Is DeepMind’s Gato An Ultimate AI Model?

DeepMind trained the model with 604 different tasks, where It outperformed the expert level in 450 of them, at least 50 per cent of the time

Artificial General Intelligence (AGI) is today considered the ultimate AI achievement by many industry experts. An AGI model possesses the ability to learn, plan, reason, represent knowledge and communicate in natural language. In the latest paper, A Generalist Agent, DeepMind’s research team has introduced an AI take on this concept. 

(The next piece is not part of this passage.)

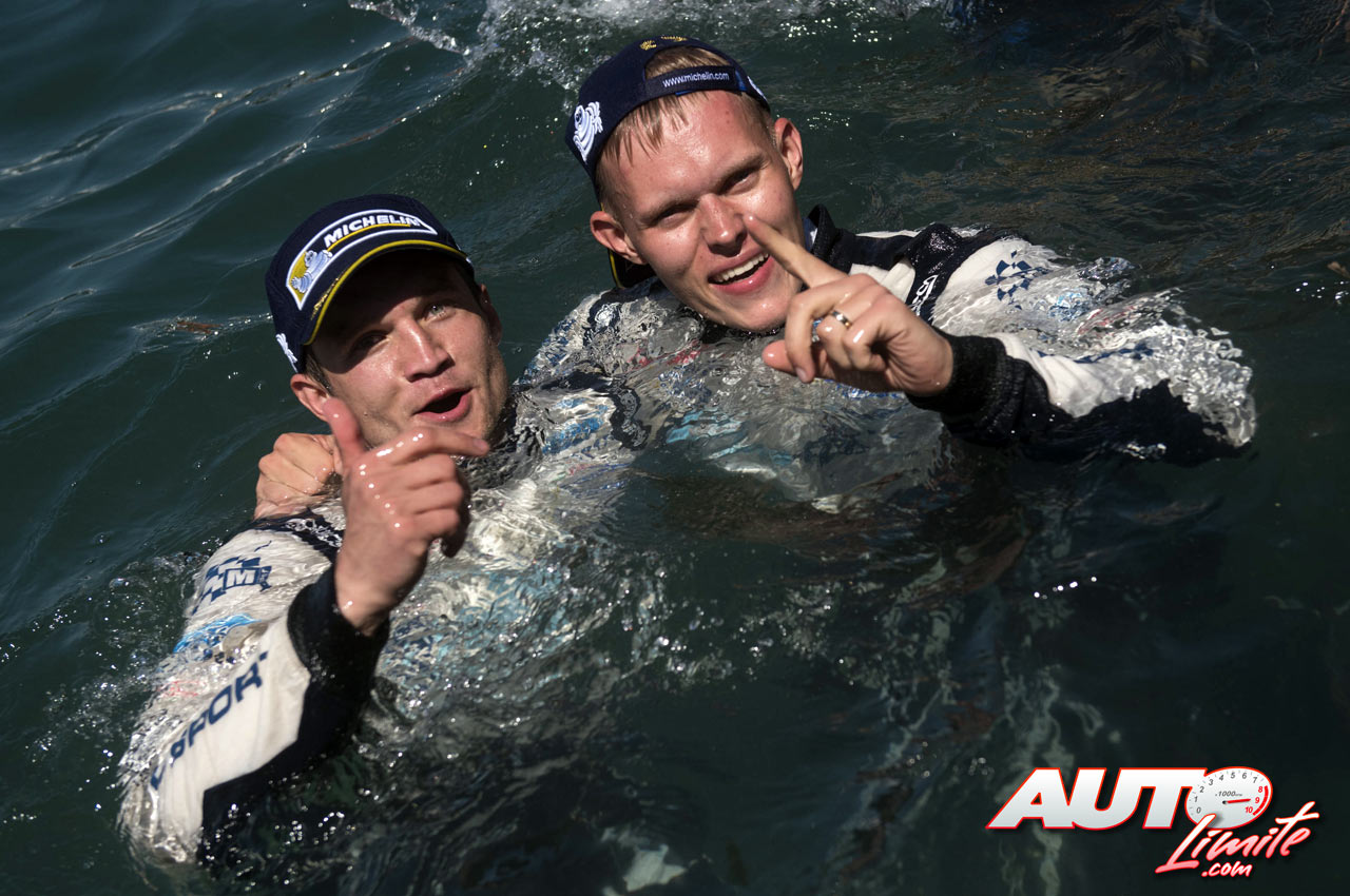 Ott Tänac y Martin Järveoja celebran su victoria en el Rally de Italia 2017, puntuable para el Campeonato del Mundo de Rallies WRC.

Known as Gato, the presented single general-purpose agent can perform over 600 diverse tasks, ranging from captioning images to stacking blocks by simulating a real robot arm and navigating simulated 3D environments, while using the same network mesh with the same weights. Gato’s novel transformer sequence model can even beat human players in Atari games. DeepMind trained this generalist with 604 different tasks. It outperformed the expert level in 450 of them, at least 50 per cent of the time. 

What is Gato?

As per Deepmind, this model acts as a transformer and as an agent, created with the idea of mixing Transformers with progressive multi-task reinforcement learning agents. DeepMind researchers started with the hypothesis that training an agent generally capable of a large number of tasks is possible. A general agent adapts to requirements with extra data to succeed at an even more significant number of tasks. They noted that a general-purpose agent provides substantial advantages, such as removing the need for customising policies for each field, increasing the amount and diversity in training data, and achieving continuous improvements through data, compute, and model scale. A general-purpose agent can also be regarded as a step toward machine learning’s ultimate AGI goal. 

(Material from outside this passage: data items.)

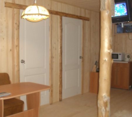 Летом в них прохладно, а зимой, благодаря печке, всегда тепло. В спальнях домиков вы прекрасно выспитесь на больших двуспальных кроватях. В каждом домике есть гостиная-кухня, и санузел.
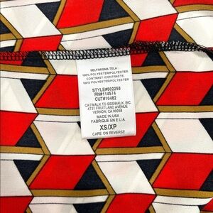 Sleeveless blouse with tie at one shoulder. Red, white, black and bronze geometric print.
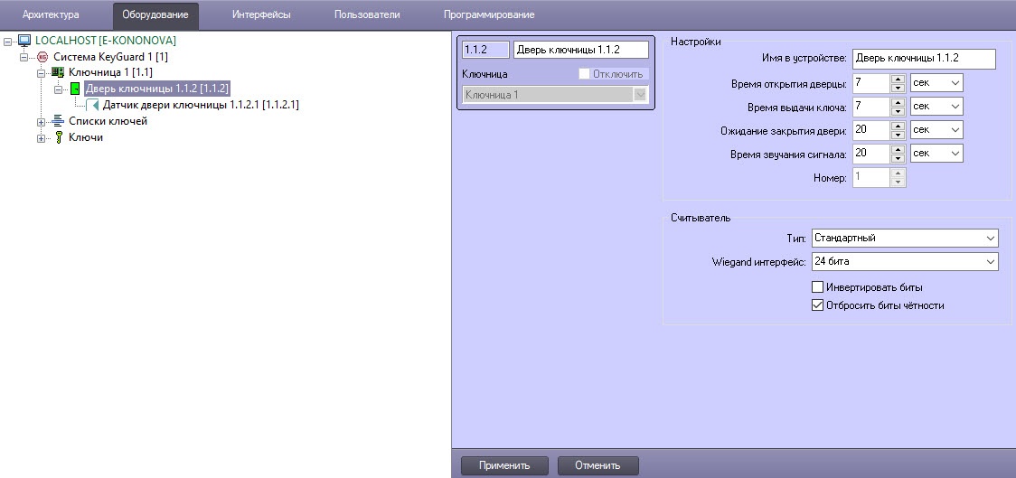 Конфигурирование двери ключницы KeyGuard происходит на панели настройки объекта Дверь ключницы, который создается на базе объекта Ключница на вкладке Оборудование диалогового окна Настройка системы.

Gato can be trained and sampled the same way a standard large-scale language model can. The primary components of Gato’s network design are a parameterised embedding function that converts tokens to token embeddings, and the sequence model produces a distribution over the next discrete token. 

While any broad sequence model can be used to anticipate the next token, they chose a transformer for its simplicity and scalability. Gato employs a 1.2 billion parameter decoder-only transformer with 24 layers, a 2048 embedding size, and an 8196 post-attention feedforward hidden size. This model is 100x smaller than the GPT-3 model or 1000x smaller than the most significant NLP models in terms of parameters. It only requires 1.2 billion parameters compared to GPT-3, which requires 175 billion. The added advantage? There is no need for re-training or fine-tuning for all other tasks.

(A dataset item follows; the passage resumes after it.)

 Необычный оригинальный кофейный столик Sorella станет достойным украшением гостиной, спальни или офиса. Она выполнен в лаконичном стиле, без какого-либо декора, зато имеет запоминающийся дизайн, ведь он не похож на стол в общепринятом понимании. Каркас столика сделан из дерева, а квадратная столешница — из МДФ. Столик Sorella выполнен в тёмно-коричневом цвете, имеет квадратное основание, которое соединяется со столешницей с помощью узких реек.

Gato is designed to be trained on a variety of relevant data and functions as a multi-modal, multi-task, multi-embodiment generalist model that can adapt and succeed at tasks with varying modalities, observations and action specifications and handle new tasks given minimal additional data.

Image Source: DeepMind

“With a single set of weights, Gato can engage in dialogue, caption images, stack blocks with a real robot arm, outperform humans at playing Atari games, navigate in simulated 3D environments, follow instructions, and more,” says lead author Scott Reed and colleagues in their paper, A Generalist Agent, posted on Arxiv

Challenges for future AGI

Today, AI conglomerates such as OpenAI and DeepMind are focused on their research for robust AI systems with AGI. However, many experts say that these models are not completely capable of AGI. They say that the companies are so determined on AGI that they are stagnating further research and killing the hopes of experiencing AGI as a whole. Both OpenAI and DeepMind have been working on the AGI technology through GPT-3 and Gato for a long time, but are not able to thoroughly address the underlying issues and complex problems for AGI, such as an AI model learning new things without any training data.

Gato currently shows potential to perform better in the consumer market, but there are no viable points for a complacent AGI. GPT-3 and Gato need to inculcate hard filter methods to eradicate faults and flaws like bias, racism, and abusive language to produce consistent outcomes. 

AGI is known for powering intelligent machines to perform intellectual tasks and study the human mind to solve any complex problem with cognitive computing functionalities. But as of now, the tech companies are facing critical challenges of AGI, such as issues in learning human-centric capabilities –  sensory perception, motor skills, problem-solving, and human-level creativity – .lacking the future AGI direction.

The progress in generalist RL agents has been incredible in the past few years, mainly from Deepmind. Deepmind’s exhaustive research seems to be moving the needle closer to human-level intelligence – slowly but steadily gaining abilities to manage cognitive tasks. 

The novelty of the Gato is its ability to perform diverse tasks. It is exciting to think about the evolving capabilities of these models. Such progress will also certainly arouse more discussion and research around AI misuse. But, it won’t be surprising to see a much larger version published soon from OpenAI, DeepMind, or Google.